Darker mornings, darker evenings, and chilly grey days in between means winter is here. This reduced exposure to light can affect the body’s natural clock (circadian rhythm) and cause you to continue producing the sleep hormone melatonin, which lowers your mood and energy.
As a survivor of the Winnipeg six-month winter, I resonate with the feeling of dread that comes with the cold season. Here are a few things I can personally vouch for getting me through:
Do something that you enjoy and is accessible to you – your chances of sticking with it will be higher. Whether that’s a home yoga routine, or trying out indoor rock climbing. Or, make a habit of getting out for a daily walk. This helps your mood by breathing in fresh air and providing a change in scenery, all while exercising.
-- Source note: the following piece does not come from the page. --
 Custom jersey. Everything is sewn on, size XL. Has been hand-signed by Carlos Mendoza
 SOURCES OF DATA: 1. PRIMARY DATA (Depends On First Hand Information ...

Add vitamin D to your diet
Food sources of vitamin D include milk, egg yolks, mushrooms, and fish. For most people, the best way is through taking a supplement because it’s hard to eat enough through food.
Try a new hobby, or pick up an old one
Hobbies are a perfect way to distract one’s self and pass the time. They provide an outlet for stress relief and often promote creativity. Personally, I love to knit warm winter garments for friends and family.
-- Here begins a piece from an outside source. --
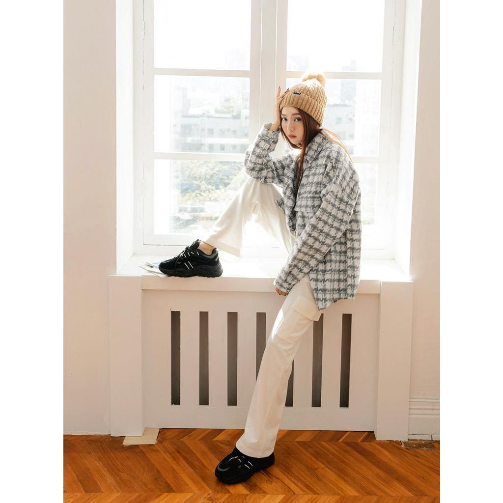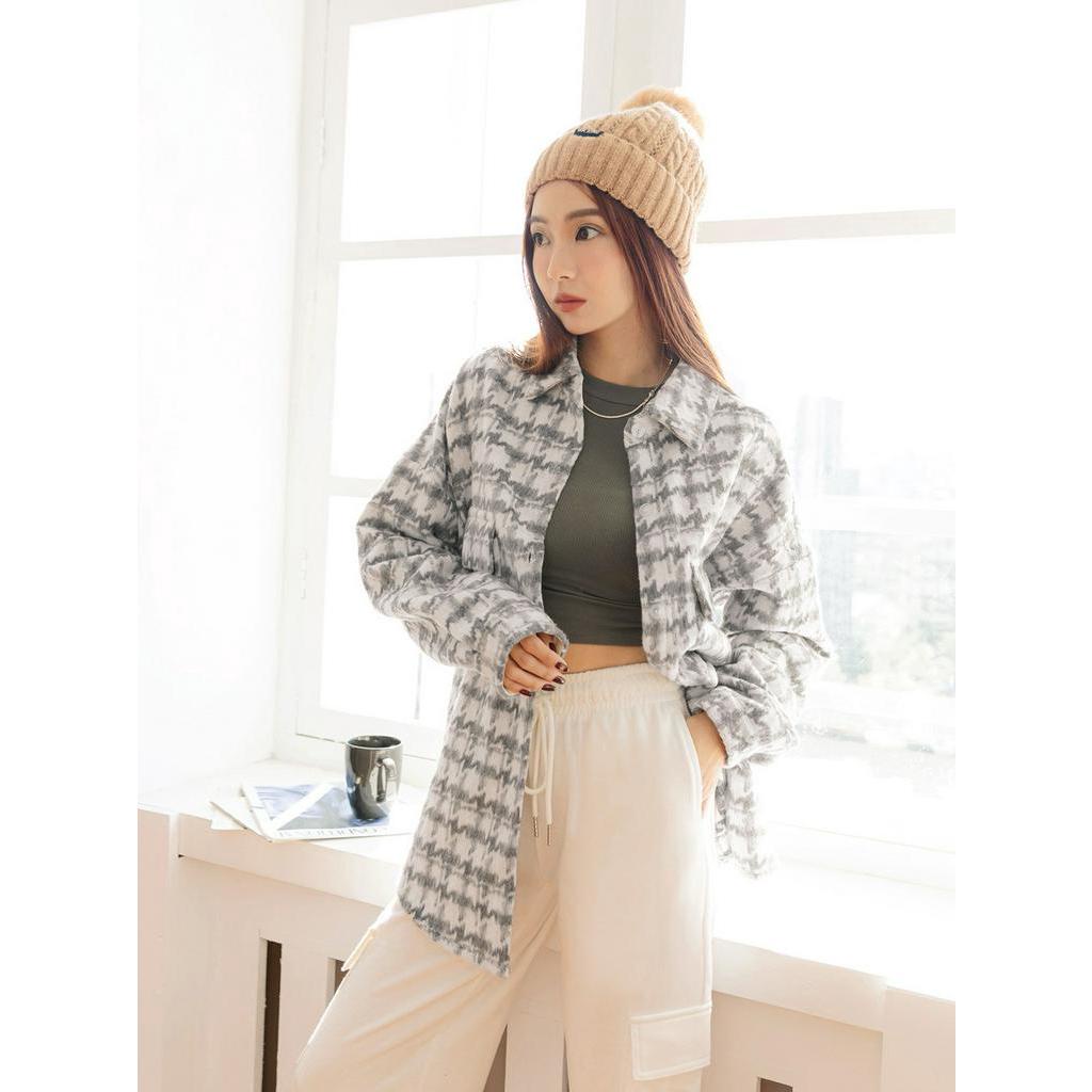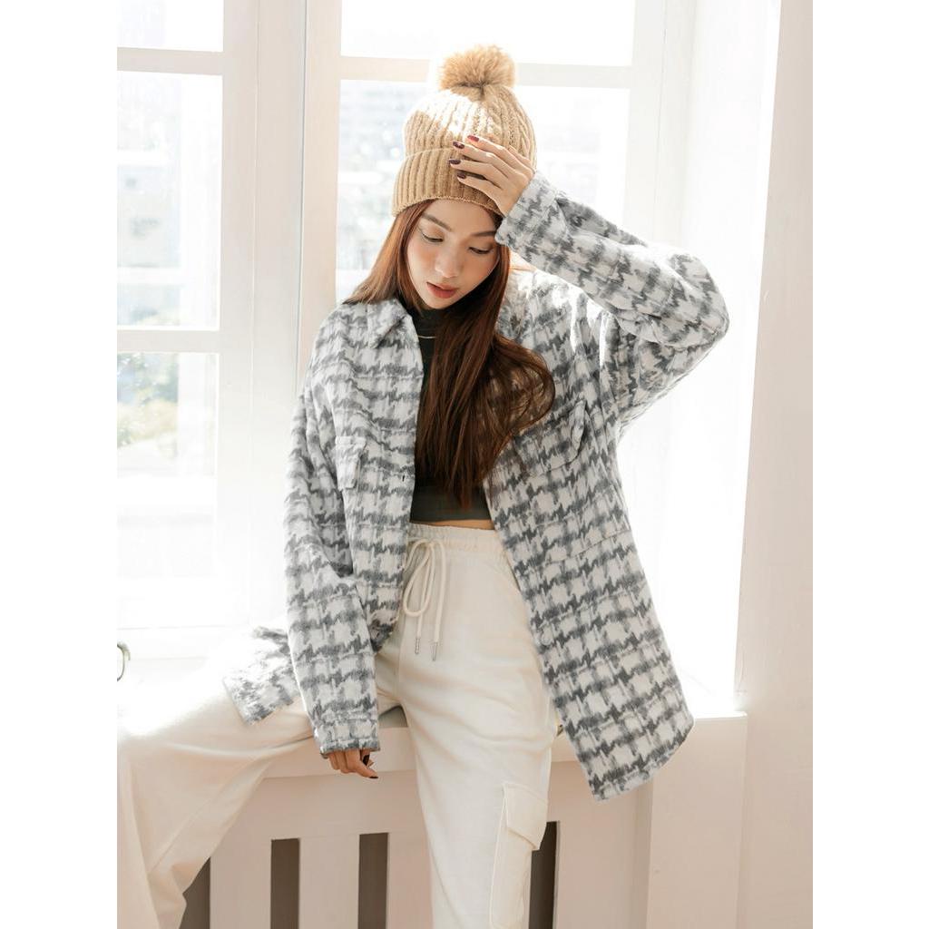 OB嚴選 長版配色千鳥格紋毛料襯衫外套 《AB18006》大尺碼/現貨/女裝

Make your environment brighter
In winter the amount of sunlight we are exposed to is more limited. Opening the window shades can help provide an extra dose of sunlight. Using a light box-a source of artificial light- can be effective as well.
Reach out to your support network
People have a tendency to hibernate in the winter. Isolation can increase feelings of depression. Stay connected and spend time with loved ones.
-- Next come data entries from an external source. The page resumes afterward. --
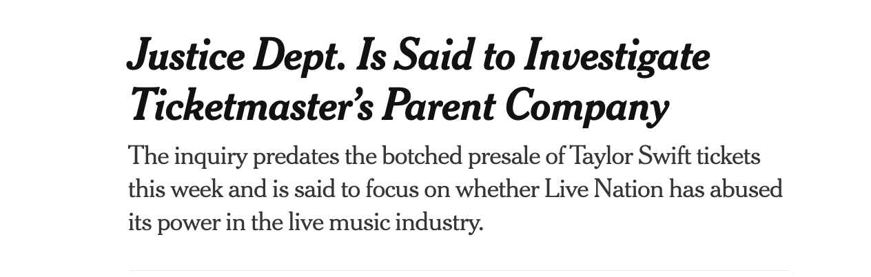 Before getting to the full round-up, I want to focus on Ticketmaster/Live Nation. This week, a jury is going to hand in a verdict, perhaps as soon as tomorrow, on whether the company is an illegal monopoly. And Ticketmaster, more than any other monopolist, represents the obvious lawlessness among elites that we’ve been seeing for decades. I don’t know which way the jury will go, but to even get to a point where there might be some level of justice for a company this loathed and yet so untouchable is a big deal.
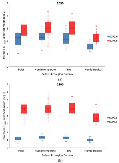 Increases in Tmean in the hottest month under RCP2.6 (blue) and RCP8.5 (red) relative to 2017 for cities in different Bailey’s ecoregion domains by: (a) the year 2050 and (b) the year 2100.
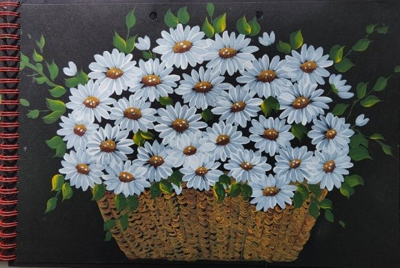 꽃 그림은 A4 크기의 검은 스케치북에 아크릴물감으로 그린다. 초급, 중급, 고급과정을 거치면서 데이지, 라벤더, 엉겅퀴, 장미, 수국, 들장미, 피요니, 블랙베리 등 여러 가지 꽃을 배웠다.
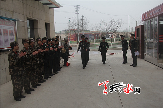 天天天水网讯(通讯员石国乾 朱万)2月20日下午,甘谷中队全体官兵警容齐整,列队营区大门,举行了隆重的新兵下队欢迎仪式。

Despite a daily average of less than seven hours of sunlight during the winter, the Danes sit comfortably at the top of the UN Happiness Report.
How? With Hygge!
Pronounced Hooguh, this Danish word translates to “coziness”. It is a feeling of togetherness, relaxation, and savoring simple pleasures. Hygge peaks during winter season, and becomes almost a survival strategy.
A few examples:
- Sipping a cup of hot chocolate, tea, or mulled wine
- Spending quality time with family/friends
- Savouring a homemade cinnamon bun or traditional apple tart
- Warm, diffuse light, such as candlelight
- Watching a film or reading a book under a blanket
It sounds simple – that’s the whole point. Hygge is all about the little things.
Also, seasonal affective disorder is really a thing
The reduced light, warmth, and color of winter leaves lots of people feeling a little more melancholy or tired—and isn’t necessarily something to worry about. But if your symptoms crop up around the same time each year, have a real impact on your quality of life, and improve when the seasons change, you may have seasonal affective disorder. If you think what you are experiencing could be more than the winter blues, consider talking to your health care provider. SAD can improve with proper treatment.